**What you should do**
Restate all the data word for word and omit the pictures.

**Provided material**
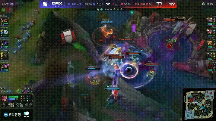 比赛第37分钟,两队爆发龙争虎斗。 Kyeahoo龙王四巨头帮助DRX以2换5的队伍击杀了T1。
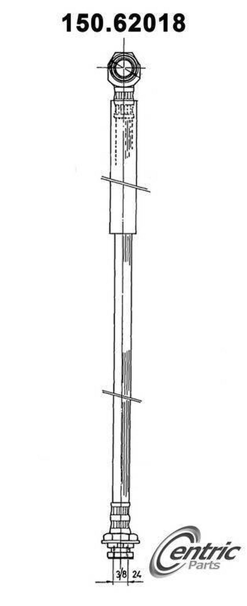 Specifications: Part Category: Brake Hydraulic Hose Brand: Centric Manufacturer Part Number: 150.62018 Vehicle Position: Front Placement on Vehicle: Front Label: Centric Premium Brake Hydraulic Hoses Product Type: Factory Replacement Type: Brake Hydraulic Hose Number of Pieces: 1 DOT Approved: Yes Color: Black Outer Sleeve Material: Epdm rubber Mounting Hardware Included: No Grommets Included: No Bracket Included: No Gasket Or Seal Included: Yes Bracket Quantity: 0 Shield Included: No End 1 Fitting Material: Metal End 1 Fitting Type: Banjo End 2 Fitting Material: Metal End 2 Fitting Type: Female Teflon Lined: No End 2 Flare Type: Inverted Overall Length: 11.614 Overall Length: 295.00 End 2 Thread Size: 3/8"-24 End 1 Thread Size: 11.0mm Banjo Bolt Part # [cntrc]: 117.99012 Banjo Bolt [cntrc]: Yes Clip Qty [cntrc]: 1 Clip [cntrc]: Yes Notes #1 [cntrc]: 1 rubber sleeve Washer Part # [cntrc]: 117.99011 Important Information:
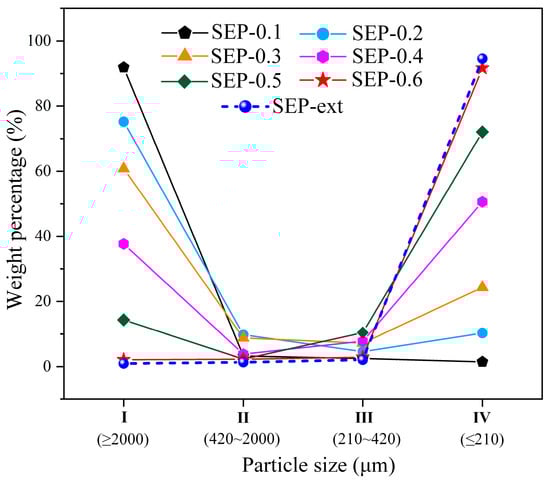 The sepiolite powders obtained in the experiment were classified according to particle size by using standard sieves. The particle size distribution of the samples is shown in Figure 4. When the pressure values were 0.1~0.3 MPa, the weight percentages of powder in classification I (d ≥ 2000 μm) reached more than 60%, and the weight percentages of powder in classification IV (d ≤ 210 μm) did not exceed 25%. This indicates that the sepiolite splintering effect is not ideal under these pressure values. When pressure values were 0.4~0.6 MPa, the weight percentages of powder in classification I decreased significantly to 37.6%, 14.3%, and 2.1%, respectively, and the weight percentages of powder in classification IV increased significantly to 50.6%, 72.1%, and 91.6%, respectively. It is thus proven that this method can make a sample of sepiolite split into powder with a smaller particle size. The greater the steam pressure, the higher the amount of powder obtained with a smaller particle size. In addition, Figure 4 shows that for both samples SEP-0.6 and SEP-ext, the weight percentage of powder with the particle size of classification IV (d ≤ 210 μm) was more than 90%, indicating that sepiolite powder can be prepared effectively using the method proposed in this paper.
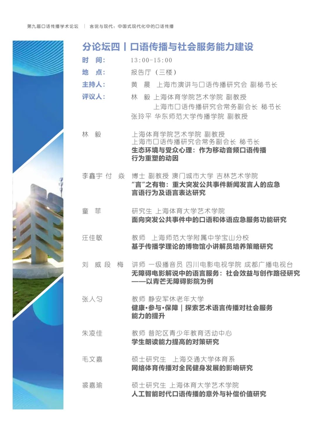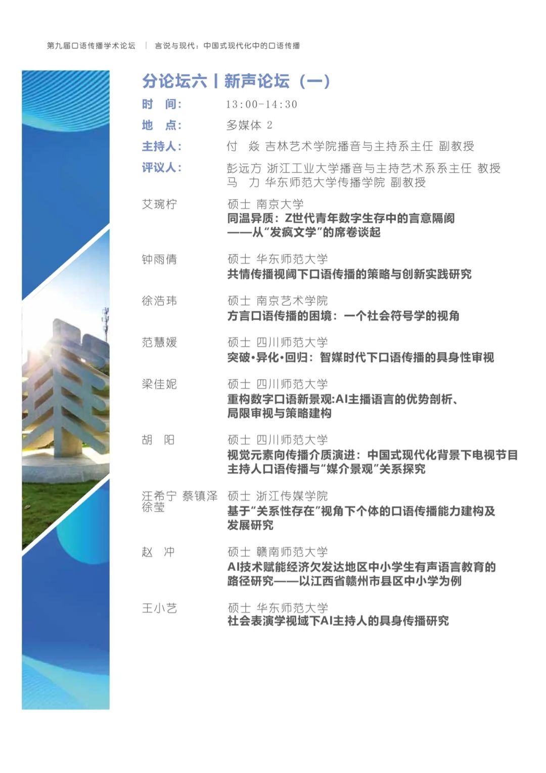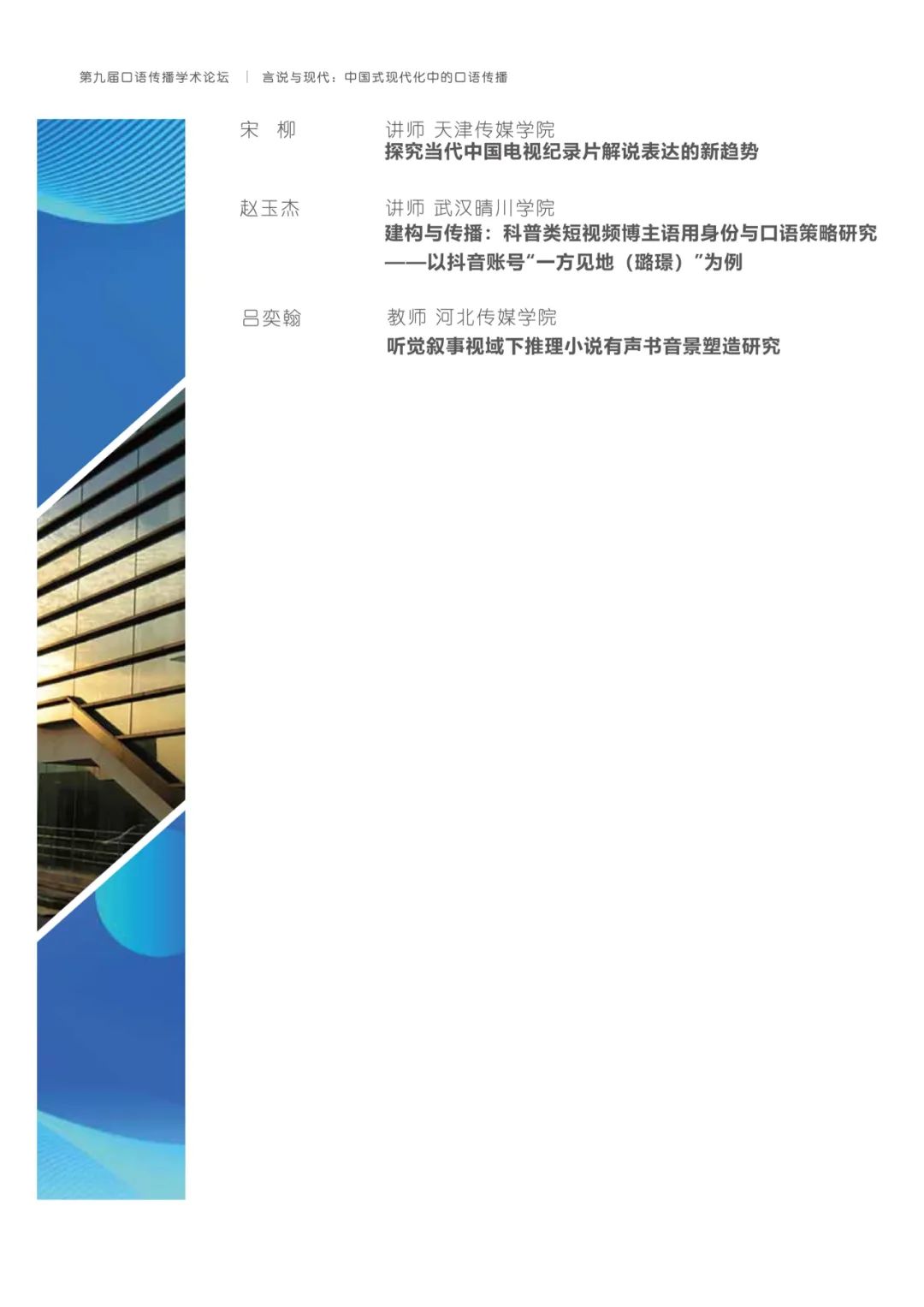 有鉴于此,h动漫 将与上海广播电视台融媒体中心、h动漫 研究生院联合主办以“言说与现代:中国式现代化中的口语传播”为主题的第九届口语传播学术论坛。论坛旨在共同探讨构建具有中国特色的口语传播体系,传递有声的中国,推动精神现代化以促进中国式现代化的全面进步与发展。

**Your solution**
 比赛第37分钟,两队爆发龙争虎斗。 Kyeahoo龙王四巨头帮助DRX以2换5的队伍击杀了T1。
 Specifications: Part Category: Brake Hydraulic Hose Brand: Centric Manufacturer Part Number: 150.62018 Vehicle Position: Front Placement on Vehicle: Front Label: Centric Premium Brake Hydraulic Hoses Product Type: Factory Replacement Type: Brake Hydraulic Hose Number of Pieces: 1 DOT Approved: Yes Color: Black Outer Sleeve Material: Epdm rubber Mounting Hardware Included: No Grommets Included: No Bracket Included: No Gasket Or Seal Included: Yes Bracket Quantity: 0 Shield Included: No End 1 Fitting Material: Metal End 1 Fitting Type: Banjo End 2 Fitting Material: Metal End 2 Fitting Type: Female Teflon Lined: No End 2 Flare Type: Inverted Overall Length: 11.614 Overall Length: 295.00 End 2 Thread Size: 3/8"-24 End 1 Thread Size: 11.0mm Banjo Bolt Part # [cntrc]: 117.99012 Banjo Bolt [cntrc]: Yes Clip Qty [cntrc]: 1 Clip [cntrc]: Yes Notes #1 [cntrc]: 1 rubber sleeve Washer Part # [cntrc]: 117.99011 Important Information:
 The sepiolite powders obtained in the experiment were classified according to particle size by using standard sieves. The particle size distribution of the samples is shown in Figure 4. When the pressure values were 0.1~0.3 MPa, the weight percentages of powder in classification I (d ≥ 2000 μm) reached more than 60%, and the weight percentages of powder in classification IV (d ≤ 210 μm) did not exceed 25%. This indicates that the sepiolite splintering effect is not ideal under these pressure values. When pressure values were 0.4~0.6 MPa, the weight percentages of powder in classification I decreased significantly to 37.6%, 14.3%, and 2.1%, respectively, and the weight percentages of powder in classification IV increased significantly to 50.6%, 72.1%, and 91.6%, respectively. It is thus proven that this method can make a sample of sepiolite split into powder with a smaller particle size. The greater the steam pressure, the higher the amount of powder obtained with a smaller particle size. In addition, Figure 4 shows that for both samples SEP-0.6 and SEP-ext, the weight percentage of powder with the particle size of classification IV (d ≤ 210 μm) was more than 90%, indicating that sepiolite powder can be prepared effectively using the method proposed in this paper.
 有鉴于此,h动漫 将与上海广播电视台融媒体中心、h动漫 研究生院联合主办以“言说与现代:中国式现代化中的口语传播”为主题的第九届口语传播学术论坛。论坛旨在共同探讨构建具有中国特色的口语传播体系,传递有声的中国,推动精神现代化以促进中国式现代化的全面进步与发展。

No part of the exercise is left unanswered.